50 years ago I fancied a career as an artist, specifically a watercolour painter, and was studying on weekends with the Australian Watercolour Institute. As time went on, I realised that my mentors and teachers, (all vastly more talented than I was) were all working second and third jobs to keep their financial noses above water and their long-suffering partners were also working to supplement the family income. I calculated that I would have to sell a minimum of a painting a week, at a rate of $1,000 each, to equal my then-current salary. This was unrealistic, to say the least!
I decided then to pursue a commercial career, which has taken me all over the world, and resulted in a happy, well-fed family, and the luxury to paint as I want, when I want.
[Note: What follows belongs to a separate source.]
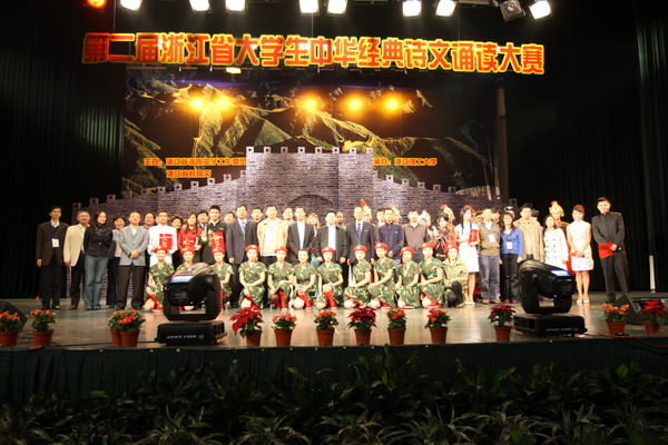 11日下午,第二届浙江省大学生中华经典诗文诵读大赛(决赛)在我校国际会展中心大剧院隆重举行。省教育厅副厅长韩平,团省委副书记苗伟伦,省委宣传部新闻出版处副处长赵刚,省公务员局综合处处长倪建海,省广播电影电视局人事教育处处长严卫平,团省委少年部部长劳虓虓,省语委办公室主任、省教育厅语管处处长李建章,中国教育报浙江记者站站长朱振岳等及校党委书记费君清、校党委副书记程刚、副校长陈建勇等领导出席大赛并为获奖选手颁奖。

I’m convinced I made the right decision, because without, as you say, the energy and appetite, artistic penury would not have been a happy place.

“Work consists of whatever a body is obliged to do. Play consists of whatever a body is not obliged to do.” — Mark Twain

There is a middle ground. Within work there are activities we enjoy and some we don't. It is the balance between these that makes a job joy or drudgery.
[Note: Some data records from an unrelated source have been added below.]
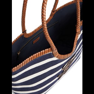 Denne stilfulde shopper har et klassisk stribet design, der giver et tidløst og sommerligt udtryk. Tasken kombinerer tekstil med fine detaljer og har behagelige hanke, som gør den nem at bære over skulderen. Den rummelige størrelse gør den ideel til både hverdag, shopping og udflugter. En alsidig taske, der forener funktionalitet med et eksklusivt look.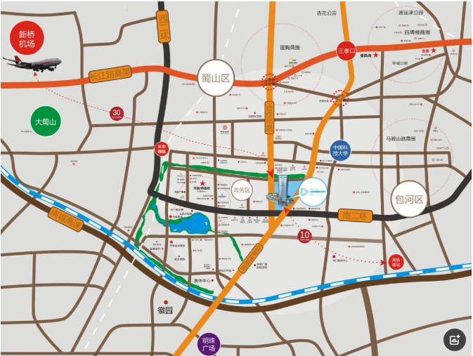 安粮国贸购物中心位于安徽省合肥市蜀山区金寨南路 811 号(金寨南路与南二环交口西北角),为政务、蜀山与包河三区交汇的黄金核心,南二环、金寨路及合作化路三大主干道交汇的稀缺区位。合肥市政府政务中心、奥体中心、合肥大剧院等构筑起集政务办公、文化演艺、体育盛会、高端商务于一体的复合型价值生态圈,为项目注入源源不断的消费动能与品质客群。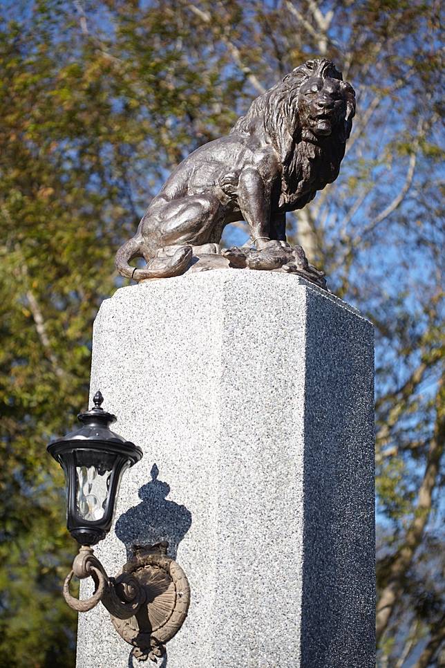 一旁花園中,石柱上的鐵獅是荷蘭拍賣的戰利品,19世紀初的產物。

I loved travelling. I hated doing expense reports. On balance it was a great job.

Golf story number 3. falls under the category, for me, of "there's something else going on". Some people admire those in our society that show an incredible amount of drive and focus in what they do, I do not! I think it's ADHD, or some other borderline insanity, if it's even borderline, might just be real undiagnosed insanity!

I admire those that can be competent in their work, and there for their family and friends, and well read, and well experienced in the modern world; that's the true genius!
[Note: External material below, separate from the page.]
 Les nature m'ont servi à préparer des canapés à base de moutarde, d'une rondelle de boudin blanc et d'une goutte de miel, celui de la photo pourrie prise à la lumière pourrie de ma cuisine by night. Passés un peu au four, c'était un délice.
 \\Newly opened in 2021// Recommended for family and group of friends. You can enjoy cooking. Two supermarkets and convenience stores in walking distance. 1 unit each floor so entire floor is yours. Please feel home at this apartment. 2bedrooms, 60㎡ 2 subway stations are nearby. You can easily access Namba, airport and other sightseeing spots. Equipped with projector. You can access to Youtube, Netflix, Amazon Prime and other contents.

You're not a genius if you devote vast quantities of time and effort to a certain discipline, to the exclusion of being there for your family, even having friends, or experiencing other things; you're "something else".

Could not agree with this more - about both golf and photography! I took up golf for the "social" and "networking" possibilities, and quickly discovered that 1) I was not and never was going to be very good at it, and 2) it was not worth it even if I had gotten good. Plus, it was a big waste of money! As a photographer, I am proud to wear the title of "amatuer". And, I do feel I get my money's worth. (PS: I still own 2 Beseler MXTs)

Regarding golf, sometime in my 20's I decided to try a par 3 course just to see what all the fuss was about. I shot a 63 my first time out. I was fine with that as I did a bit better on the 2nd hole, so already my game was improving. Can't exactly recall whether I completed the course or just called it mid way through.
Regarding love and dedication to what you do, back in the 90's I started following Nascar, because that's what my friends and coworkers did. And if you wanted to participate in the conversation, you had to speak Nascar. There was a driver by the name of Dave Marcus that had been racing for decades, but being a small independent one car team, always ran in about the bottom 25% towards the later part of his career. Everyone complained about why he didn't just retire, but I saw it differently. Here was a guy going out every weekend enjoying and making a living doing something a lot of people would give a left arm to do once. Why should he retire. Over the course of a 35 year career he ran nearly 900 races and won 5. I think he was focused more on the journey than the destination. It wasn't simply that he wanted to race, he had too. It's who he was. Not every photographer who has that level of dedication reaches the top and stays there, but every photographer that reaches the top and stays there, has that level of dedication.

A Christian minister once told me that ministry was "for those who can't do anything else." Not in the sense that they aren't capable for earning a living in any other way, but for them, doing anything else seems like a waste of time.

I feel the same way about art: it's for those who simply cannot do anything else. If they also posses, as you pointed out, high energy and a tremendous capacity for work, they're off to a good start. Those few who have all of that, plus the ability to articulate a unique vision, are the ones we all talk about.